How to complete this task: The entries need to be copied exactly as they stand, images left out.

Stored data entries

_ _ _ _ _ _ _

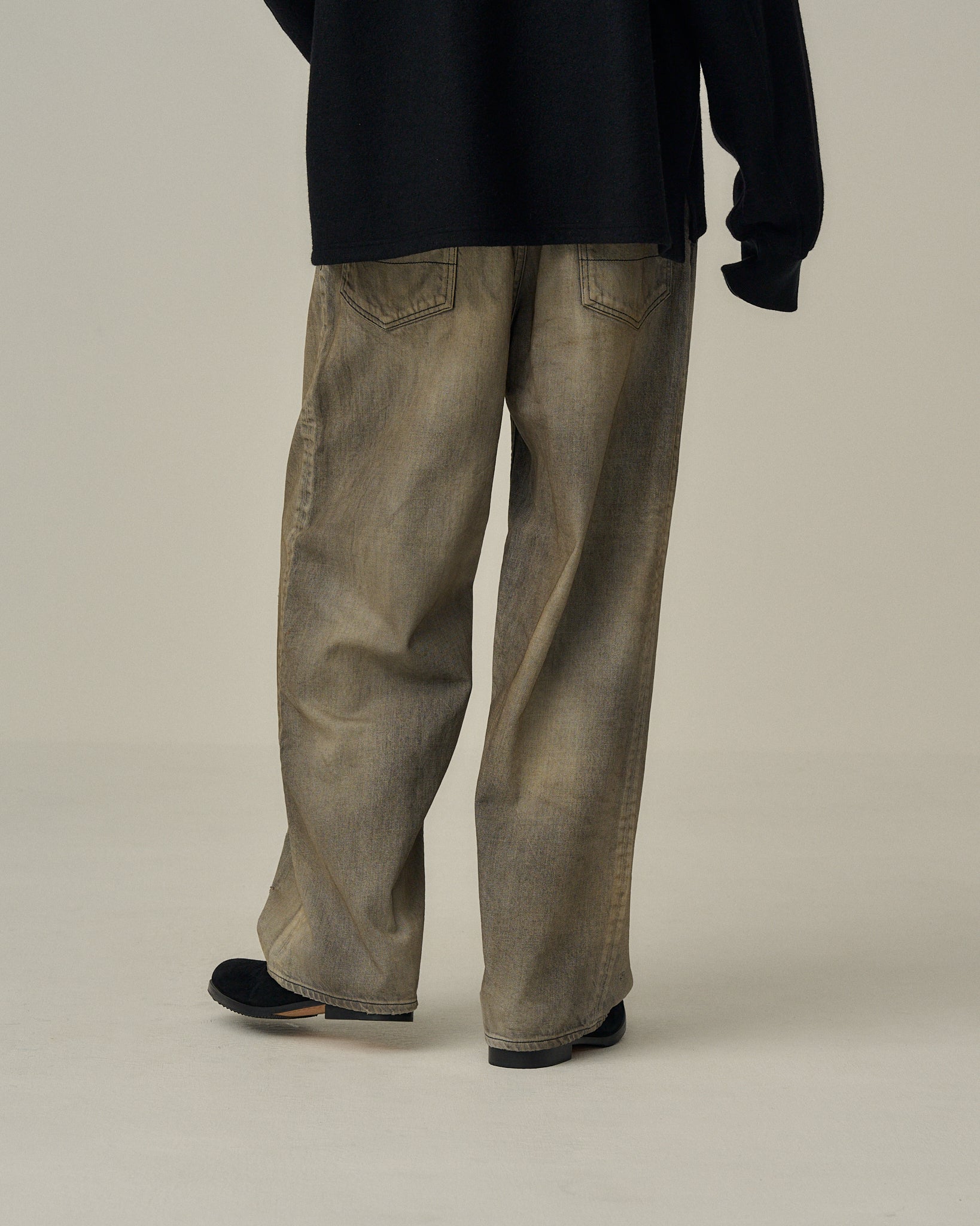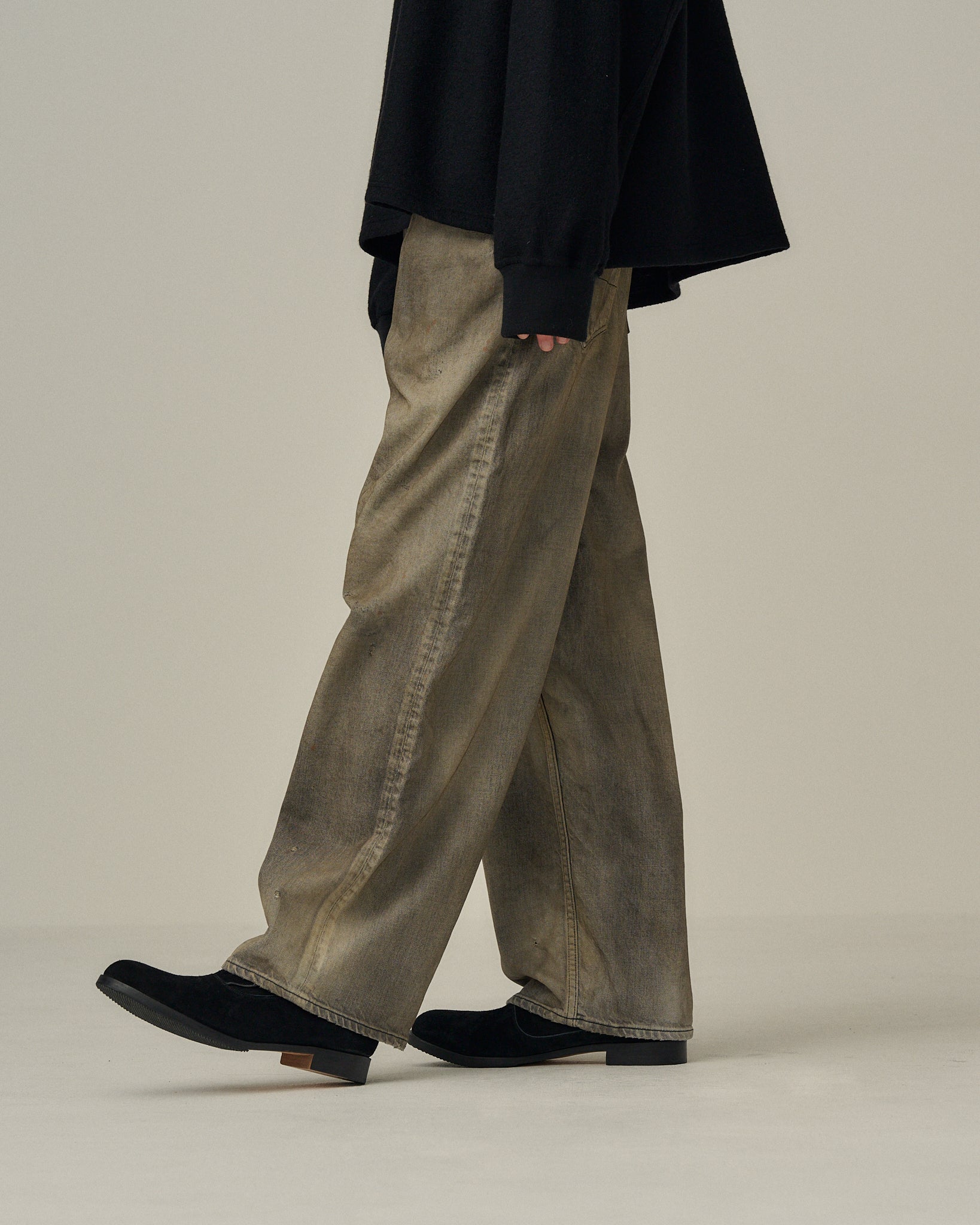 こちらはエイジング加工が施されたバージョンで、熟練の職人が一本一本に手作業で施し小さなダメージの一つ一つまでバランスを調整。今回はウォッシュをしっかり施し、色が抜けた物にペンキや油などの汚れ加工、擦れ感によるグラデーションが美しい一本です。
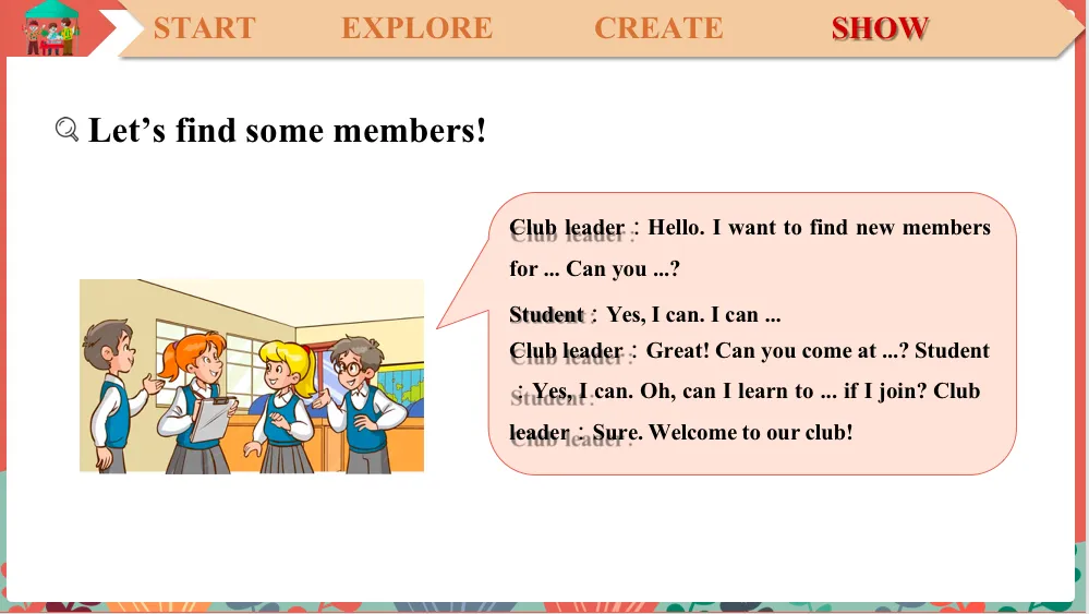 And for the ending part, what sentence can we use?Join us in or you can use that sentence to welcome the members. What’s that? Come to. OK.
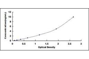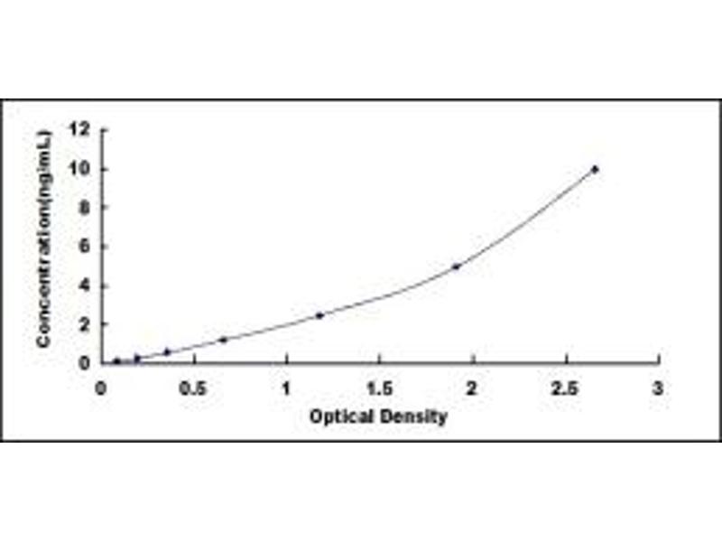 2. Standard - Reconstitute the Standard with 1.0 mL of Standard Diluent, keep for 10 minutes at room temperature, shake gently (not to foam). The concentration of the standard in the stock solution is 40 ng/mL. Firstly dilute the stock solution to 10 ng/mL and the diluted standard serves as the highest standard (10 ng/mL). Then prepare 7 tubes containing 0.5 mL Standard Diluent and use the diluted standard to produce a double dilution series. Mix each tube thoroughly before the next transfer. Set up 7 points of diluted standard such as 10 ng/mL, 5 ng/mL, 2.5 ng/mL, 1.25 ng/mL, 0.625 ng/mL, 0.312 ng/mL, 0.156 ng/mL, and the last microcentrifuge tube with Standard Diluent is the blank as 0 ng/mL.
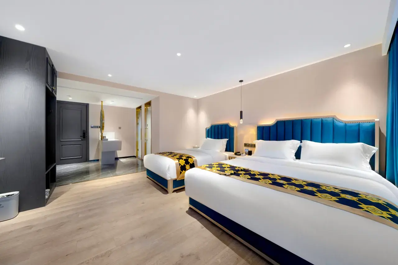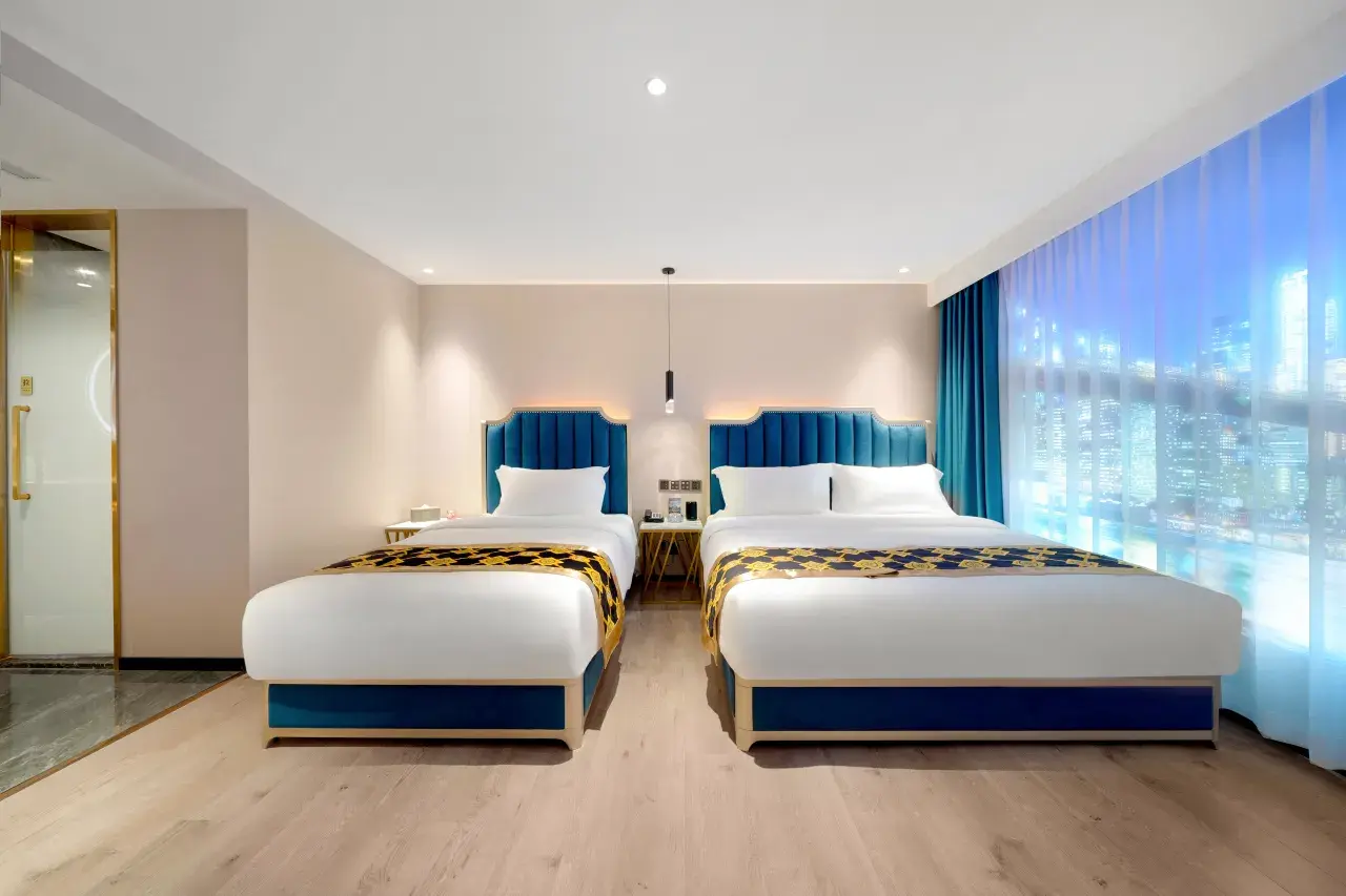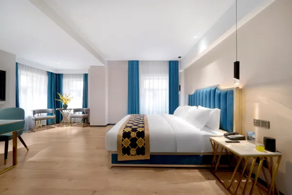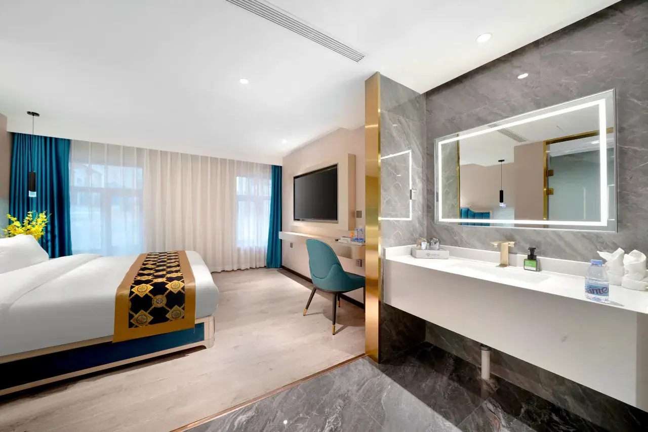 酒店坐落于美丽的冰城哈尔滨,地处哈尔滨繁华旅游街区中央大街和东风街交口处.出酒店就是中央大街。闹中取静,舒适奢华。距离哈尔滨著名景点圣索菲亚教堂步行5分钟,步行到红砖接早市3分钟,防洪纪念塔步行5分钟,交通便利,紧邻松花江畔,太阳岛,极地水族馆。夏季避暑游江,冬季赏灯观雪,酒店房型多种多样,有智能大床房,智能家庭房等房间可满足不同客人的需求,酒店设施齐全,智能小度、空调、24小时热水、独立卫生间、洗漱用品等一应俱全,房间宽敞舒适,智能系统住宿体验,每间房还拥有独立高速WIFI与干湿分区的洗手间。可观街赏景
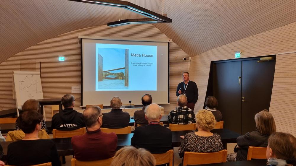 Johtava tutkija Lauri Sikanen esitteli meille Luken toimintaa ja kertoi Metla talon historiasta.
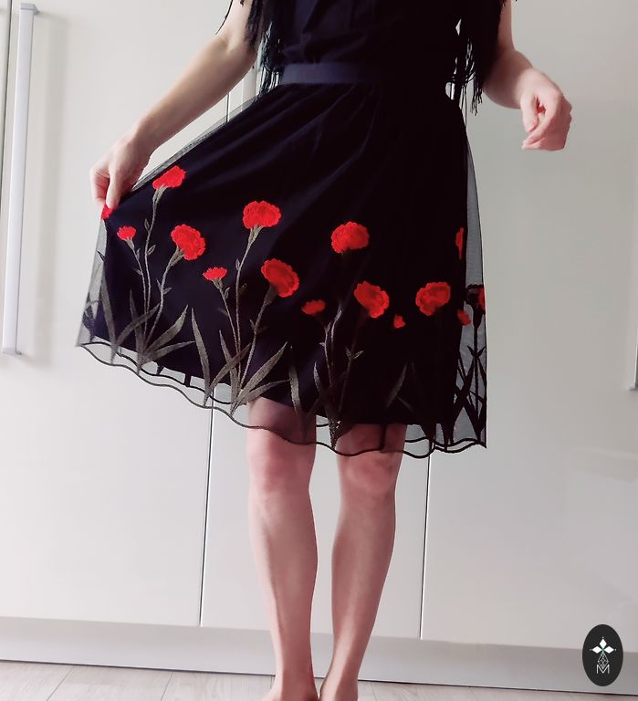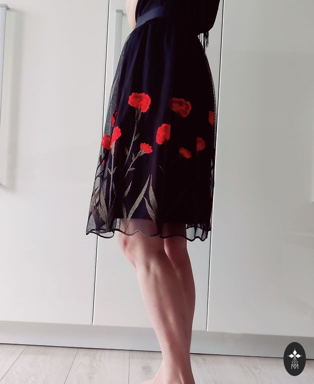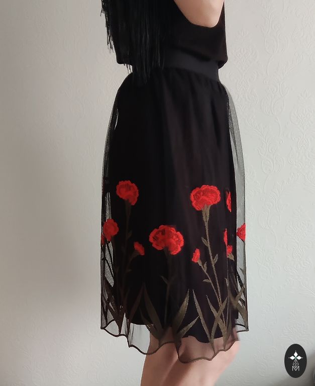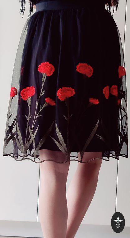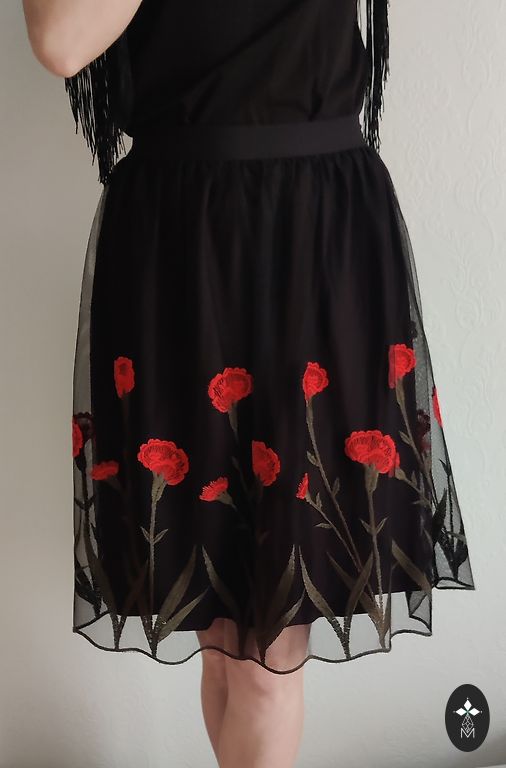 Raudonas sijonas su rožiniu siuvinėjimu. EU 34. Užtrauktukas nugaroje. Be defektų.

_ _ _ _ _ _ _

Reply to the exercise:
 こちらはエイジング加工が施されたバージョンで、熟練の職人が一本一本に手作業で施し小さなダメージの一つ一つまでバランスを調整。今回はウォッシュをしっかり施し、色が抜けた物にペンキや油などの汚れ加工、擦れ感によるグラデーションが美しい一本です。
 And for the ending part, what sentence can we use?Join us in or you can use that sentence to welcome the members. What’s that? Come to. OK.
 2. Standard - Reconstitute the Standard with 1.0 mL of Standard Diluent, keep for 10 minutes at room temperature, shake gently (not to foam). The concentration of the standard in the stock solution is 40 ng/mL. Firstly dilute the stock solution to 10 ng/mL and the diluted standard serves as the highest standard (10 ng/mL). Then prepare 7 tubes containing 0.5 mL Standard Diluent and use the diluted standard to produce a double dilution series. Mix each tube thoroughly before the next transfer. Set up 7 points of diluted standard such as 10 ng/mL, 5 ng/mL, 2.5 ng/mL, 1.25 ng/mL, 0.625 ng/mL, 0.312 ng/mL, 0.156 ng/mL, and the last microcentrifuge tube with Standard Diluent is the blank as 0 ng/mL.
 酒店坐落于美丽的冰城哈尔滨,地处哈尔滨繁华旅游街区中央大街和东风街交口处.出酒店就是中央大街。闹中取静,舒适奢华。距离哈尔滨著名景点圣索菲亚教堂步行5分钟,步行到红砖接早市3分钟,防洪纪念塔步行5分钟,交通便利,紧邻松花江畔,太阳岛,极地水族馆。夏季避暑游江,冬季赏灯观雪,酒店房型多种多样,有智能大床房,智能家庭房等房间可满足不同客人的需求,酒店设施齐全,智能小度、空调、24小时热水、独立卫生间、洗漱用品等一应俱全,房间宽敞舒适,智能系统住宿体验,每间房还拥有独立高速WIFI与干湿分区的洗手间。可观街赏景
 Johtava tutkija Lauri Sikanen esitteli meille Luken toimintaa ja kertoi Metla talon historiasta.
 Raudonas sijonas su rožiniu siuvinėjimu. EU 34. Užtrauktukas nugaroje. Be defektų.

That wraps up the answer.